The histologic diagnosis was based on the presence of signet ring

The histologic diagnosis was based on the presence of signet ring cells filled with cytoplasmic mucus-containing vacuoles compressing and displacing the nucleus into a peripheral crescent alongside the cell wall. The component signet ring cells are variable; it is >75% in almost half the cases.5 Our first case was an invasive tumor, which extended to the perivesical fat. Indeed, the insidious progression

of this entity explains the local character already advanced at diagnosis. At the time of diagnosis, about 25% of patients have distant metastases and approximately 50% have stage IV disease.6 Primary signet ring cell carcinoma of the urinary bladder has an ominous prognosis as it is diagnosed at an advanced stage. The treatment is surgical and consists of an early radical cystectomy. Resection is often incomplete with

no clear margins on the specimen.7 Considering the rarity of this histologic type of tumor, there is no consensus regarding the management after HKI 272 surgical care. Chemotherapy and radiation therapy are discussed. Adjuvant chemotherapy with 5-fluorouracil associated with adriablastin or bleomycin seems to give favorable responses, by analogy with stomach plastic linitis.8 Our second patient had no palliative chemotherapy because of altered general condition. The primary SRCC of the urinary bladder is a rare and aggressive tumor; the histologic I-BET151 purchase type justifies a surgical strategy associated with a multidisciplinary approach. Prognosis is poor although some patients may benefit from surgical resection. Adjuvant chemotherapy should be discussed even if consensual attitude has not been defined. “
“A rare variant of lipoma, angiomyxolipoma (vascular myxolipoma) was first reported by Mai et al1 in 1996. The tumor was composed of an admixture of myxoid stroma, mature adipose tissue, and vascular crotamiton channels. Since then, an additional 17 cases have been reported across a broad age range and in different locations. We report the first case in English medical literature of renal angiomyxolipoma in an adult male. Among adult soft-tissue tumors, adipose tissue tumors are by far the most common.
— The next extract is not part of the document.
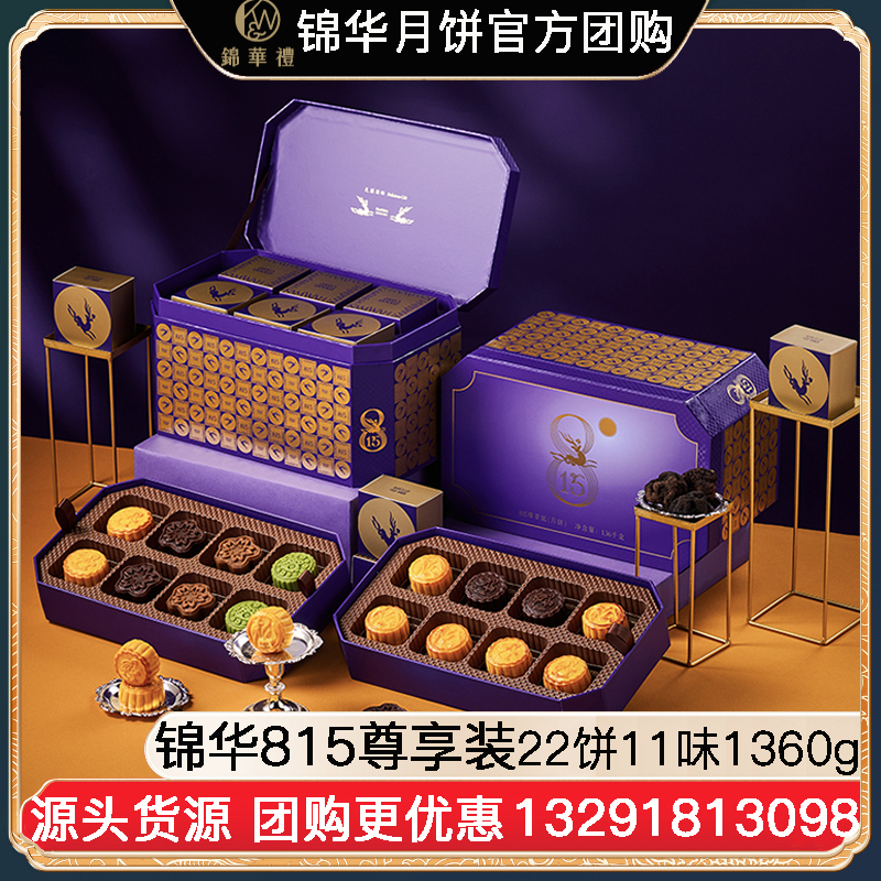 398锦华月饼礼盒815尊享装22饼11味1360g三层礼盒装广式月饼苏式月饼港式流心奶黄月饼中秋礼盒香港锦华食品官方团购【815尊享装】礼盒1360g
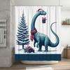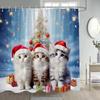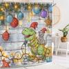 Świąteczna Zasłona Prysznicowa - Zabawny Wzór Kota i Dinozaura z Ozdobami Świątecznymi, Wodoodporny Poliester Dekoracja Łazienki, 72x72in

Although ordinary subcutaneous lipomas do not represent a major diagnostic problem, the remaining benign tumors and tumor-like lesions of adipose tissue can be more challenging, especially if occurring at unusual locations and/or containing other tissue elements.2 and 3 Our case will be the 18th reported case of angiomyxolipoma and the first of renal origin. A review of the literature along with a discussion of diagnosis and follow-up are illustrated in the report. We report a 43-year-old man who presented to our urology clinic with left flank pain of 1-year duration. On investigation, he was discovered to have bilateral kidney masses and splenomegaly after a computed tomography (CT) scan (Fig. 1). Radiologic findings were highly suspicious for lymphoma in the presence of splenomegaly and distal ileal wall thickening.